28 Şubat davası avukatlarından Aykanat Kaçmaz’ın anlattığına göre 28 Şubat hükümlüsü generallere “özür dileriz, hata ettik, bizi affedin” şeklinde dilekçe vermeleri istenmiş. Saray’ın ‘af dileyin, serbest kalın’ teklifini kabul eden çıktı mı bilmiyoruz ama bildiğimiz bir şey daha var.
Erdoğan ve rejim aparatları af için yalvartmakla yetinmiyor. Onur kırıcı bir şekilde edindikleri ifadeleri Havuz medyasına ve Aktrollere dağıtıyorlar.

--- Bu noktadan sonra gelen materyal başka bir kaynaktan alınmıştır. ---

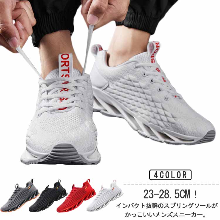 23-28.5cm!インパクト抜群のスプリングソールがかっこいいメンズスニーカー。アッパーはニット素材を採用。伸縮自在で通気性に優れたニット素材は、足の動きにぴったりフィットして歩きやすい。ストリートファッションにハマる、インパクト抜群のスプリングソール。足を組んだ時や、歩いたときに見せるデザイン性の高いソールは、見る者に鮮烈な印象を与える。履いているのを忘れるくらい足が軽い疲れ知らずの軽量デザイ...
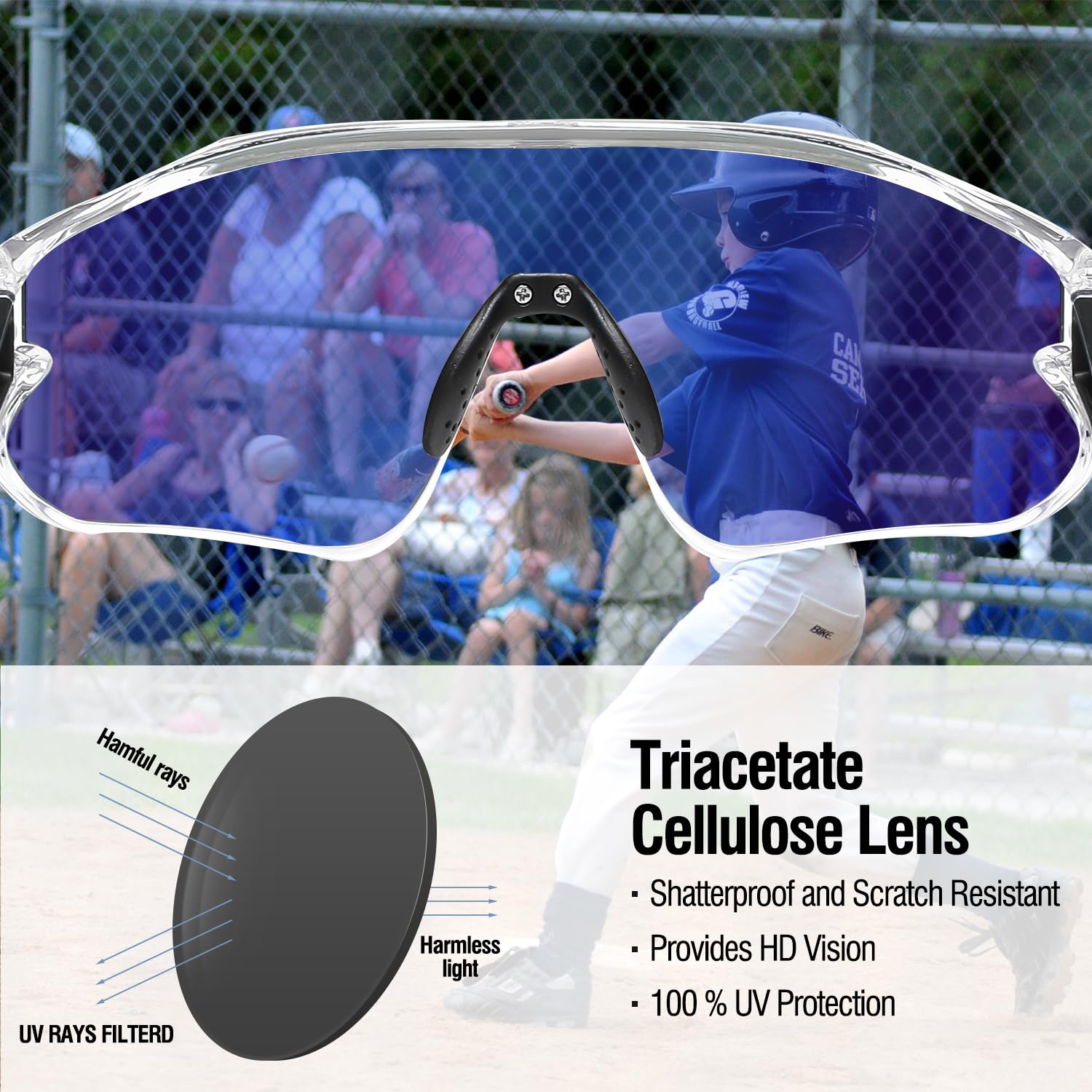 - 【DESIGNED FOR SPORTS】 -- These youth sports sunglasses offer 100% UV protection and clear vision,making them ideal for outdoor sports,such as baseball,softball,climbing,driving,fishing,golf,hiking,running skiing,cycling and so on.

Havuz medyası ve Aktrollerin ne kadar çirkefleştiklerini anlatmaya gerek yok sanıyorum. Böylece mağdur ettikleri insanları bir kez daha rencide ediyorlar.
Özetlemek gerekirse; Erdoğan’ın bitmek tükenmek bilmeyen iktidar ve para hırsını, masum insanlara ettiği eziyeti anlatmak için oturup uzun uzun siyasi analizler, yapmaya gerek yok. Hukuku, evrensel değerleri veya ahlaki normları hatırlatmanın da bir faydası yok.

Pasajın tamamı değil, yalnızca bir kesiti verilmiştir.